## Exercise requirements
Include the line with "Us 4 01 Newborn" and every line before it in the entries below, echoed exactly, but not the pictures.

━━━━━ Exercise inputs ━━━━━

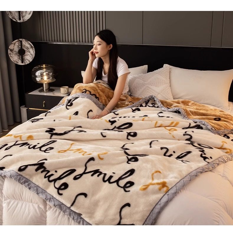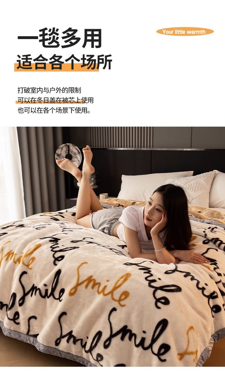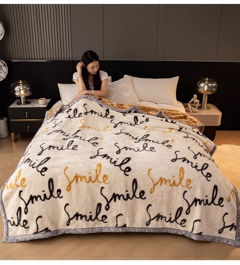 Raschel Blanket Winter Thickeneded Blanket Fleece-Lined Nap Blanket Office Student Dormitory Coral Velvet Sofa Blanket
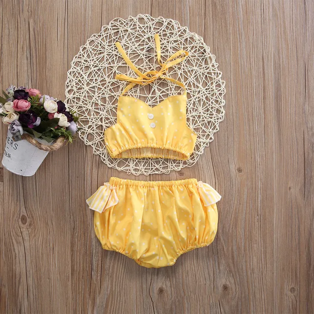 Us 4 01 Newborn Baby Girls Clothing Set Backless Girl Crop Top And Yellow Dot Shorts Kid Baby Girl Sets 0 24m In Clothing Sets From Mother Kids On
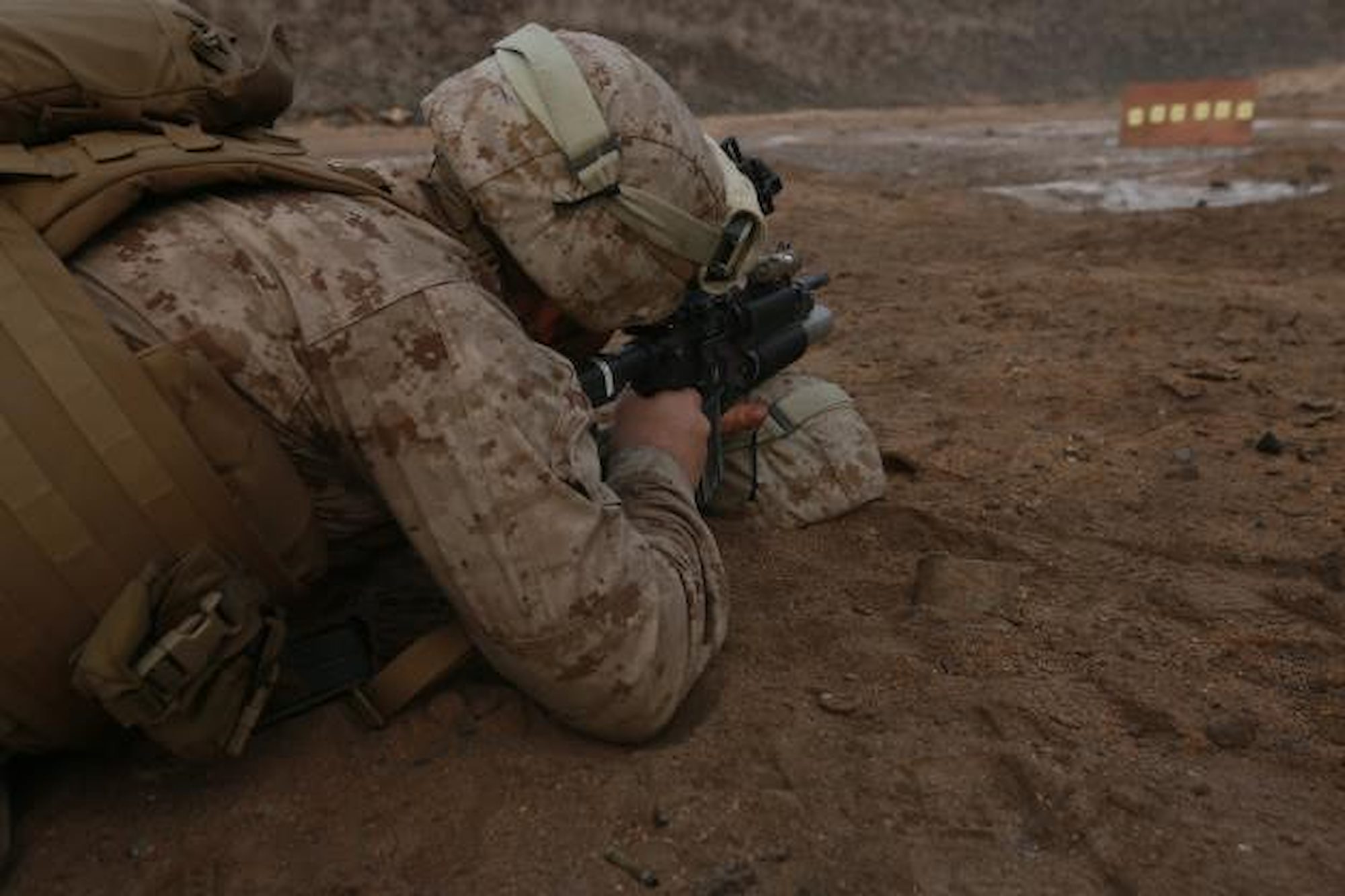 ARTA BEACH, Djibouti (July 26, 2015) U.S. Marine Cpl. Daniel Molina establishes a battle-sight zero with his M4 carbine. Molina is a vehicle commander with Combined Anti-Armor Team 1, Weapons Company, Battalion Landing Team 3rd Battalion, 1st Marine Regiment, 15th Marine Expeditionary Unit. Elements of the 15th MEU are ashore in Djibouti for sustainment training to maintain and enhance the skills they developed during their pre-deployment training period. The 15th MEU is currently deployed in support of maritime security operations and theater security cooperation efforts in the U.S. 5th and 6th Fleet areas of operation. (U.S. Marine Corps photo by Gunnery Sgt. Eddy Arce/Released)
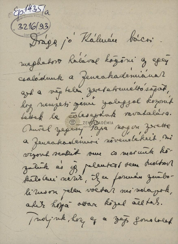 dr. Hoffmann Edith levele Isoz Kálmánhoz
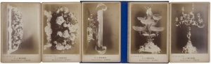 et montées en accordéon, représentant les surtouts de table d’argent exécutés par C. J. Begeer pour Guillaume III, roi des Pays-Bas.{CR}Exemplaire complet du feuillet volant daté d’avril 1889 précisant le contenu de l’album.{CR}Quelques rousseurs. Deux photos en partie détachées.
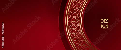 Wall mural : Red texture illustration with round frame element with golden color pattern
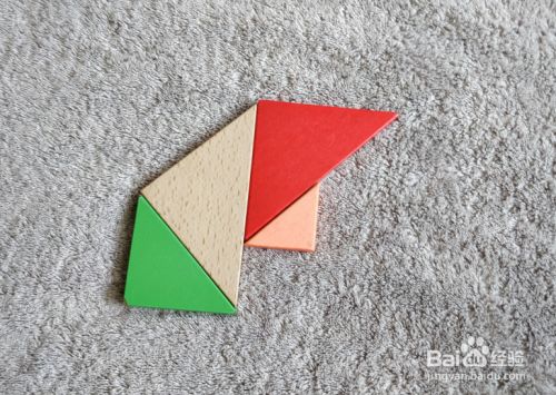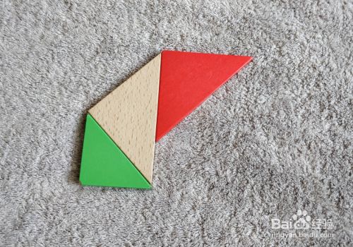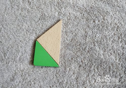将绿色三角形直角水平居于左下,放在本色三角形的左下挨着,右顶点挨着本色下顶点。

━━━━━

## Result for this exercise
 Raschel Blanket Winter Thickeneded Blanket Fleece-Lined Nap Blanket Office Student Dormitory Coral Velvet Sofa Blanket
 Us 4 01 Newborn Baby Girls Clothing Set Backless Girl Crop Top And Yellow Dot Shorts Kid Baby Girl Sets 0 24m In Clothing Sets From Mother Kids On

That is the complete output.